Only a few days later, another pilot reported taking off over the tail of a wide-body jet that he discovered was jutting out into the runway. The discovery was made too late to abort the takeoff, but as he lifted off the pilot veered left to increase his clearance.

“Had we lost No. 2 engine or blown a tire during takeoff roll, we might have struck that aircraft,” the pilot noted in his NASA report. “In our estimation, the tower should have had the wide-body taxi farther off the runway before clearing us for takeoff.”

Times research assistant Maureen Lyons contributed to this story.

How Fire Crews Respond to LAX Emergencies

Fire emergencies at Los Angeles International Airport are handled primarily by the city Fire Department. Crews and large emergency vehicles housed on the airport grounds provide the first response, and additional companies are brought in from outside the airport if needed.
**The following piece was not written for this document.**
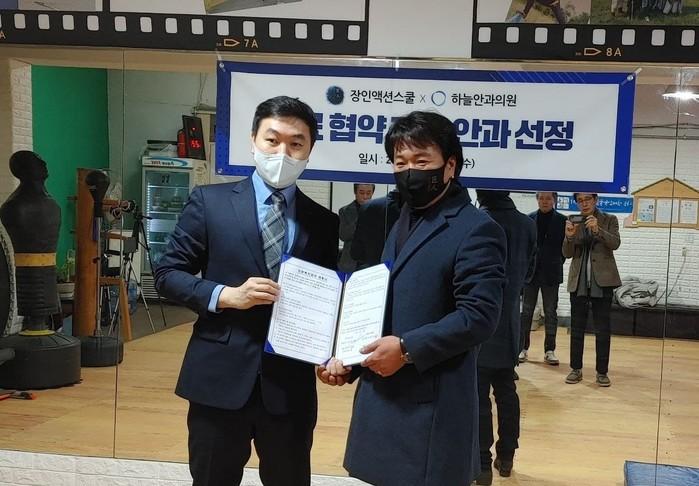 | ▲우측부터 장인 액션스쿨(대표, 무술감독 손용화), 하늘 안과의원(대표원장 이창건) |

Here is a look at how firefighters responded to Friday night’s crash.

Within moments of the LAX collision Friday evening, Los Angeles Fire Department officials issued a major emergency alert for a “full assignment at the airport.” A special “CRASH” equipment truck and three large foam rigs housed at the airport responded immediately to Runway 24 Left.

As the fireball grew and firefighters began reckoning with the magnitude of the blaze, an additional 25 fire companies from throughout the city, along with nine rescue ambulances, were dispatched to LAX. More than 120 firefighters and 18 paramedics converged on the scene.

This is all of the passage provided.